Graph-Guided MLP-Mixer for Skeleton-Based Human Motion Prediction

Xinshun Wang,Qiongjie Cui,Chen Chen,Shen Zhao,Mengyuan Liu
2023-08-07
Abstract:In recent years, Graph Convolutional Networks (GCNs) have been widely used in human motion prediction, but their performance remains unsatisfactory. Recently, MLP-Mixer, initially developed for vision tasks, has been leveraged into human motion prediction as a promising alternative to GCNs, which achieves both better performance and better efficiency than GCNs. Unlike GCNs, which can explicitly capture human skeleton's bone-joint structure by representing it as a graph with edges and nodes, MLP-Mixer relies on fully connected layers and thus cannot explicitly model such graph-like structure of human's. To break this limitation of MLP-Mixer's, we propose \textit{Graph-Guided Mixer}, a novel approach that equips the original MLP-Mixer architecture with the capability to model graph structure. By incorporating graph guidance, our \textit{Graph-Guided Mixer} can effectively capture and utilize the specific connectivity patterns within human skeleton's graph representation. In this paper, first we uncover a theoretical connection between MLP-Mixer and GCN that is unexplored in existing research. Building on this theoretical connection, next we present our proposed \textit{Graph-Guided Mixer}, explaining how the original MLP-Mixer architecture is reinvented to incorporate guidance from graph structure. Then we conduct an extensive evaluation on the Human3.6M, AMASS, and 3DPW datasets, which shows that our method achieves state-of-the-art performance.

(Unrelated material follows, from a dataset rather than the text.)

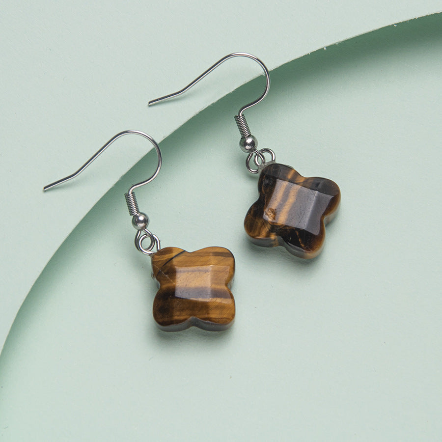 Four-leaf Clover Flower Crystal Stainless Steel Earrings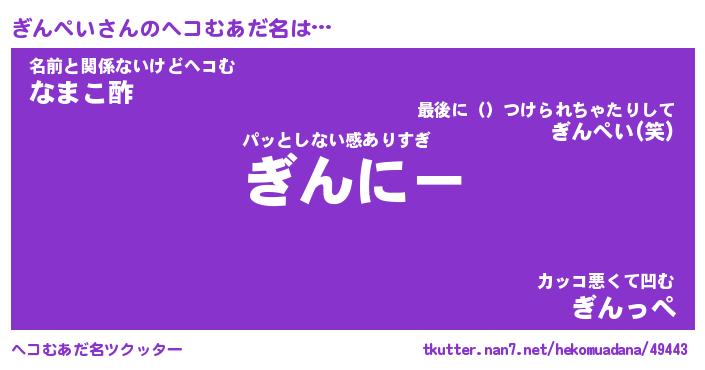 | 意味不明あだ名 | 『ペロリンぎんぺい』『永久保存ぎんぺい』 |

Computer Vision and Pattern Recognition
What problem does this paper attempt to address?
The problem that this paper attempts to solve is that in human motion prediction, although existing graph convolutional networks (GCNs) can explicitly capture the joint - bone structure of the human skeleton, their performance is still not satisfactory and there are challenges in dealing with long - term dependencies and temporal dynamics. Meanwhile, although the multi - layer perceptron mixer (MLP - Mixer) performs excellently in visual tasks and has shown better performance and efficiency than GCNs after being introduced into the field of human motion prediction, it cannot explicitly model the information of such graph structures. Therefore, the paper proposes a new method - Graph - Guided Mixer, aiming to combine the flexibility of MLP - Mixer with the graph - structure - capturing ability of GCNs to overcome the limitations of existing methods and improve the accuracy and efficiency of human motion prediction. Specifically, the paper first reveals the unexplored theoretical connection between MLP - Mixer and GCNs. This discovery makes it possible to inject graph - structure information into the MLP - Mixer architecture. Based on this theoretical connection, the paper proposes Graph - Guided Mixer, which enhances the MLP - Mixer's ability to effectively capture and utilize specific connection patterns in the human skeleton graph representation by using the graph structure as guidance. The paper also proves through extensive experiments on the Human3.6M, AMASS and 3DPW datasets that the proposed method achieves state - of - the - art performance.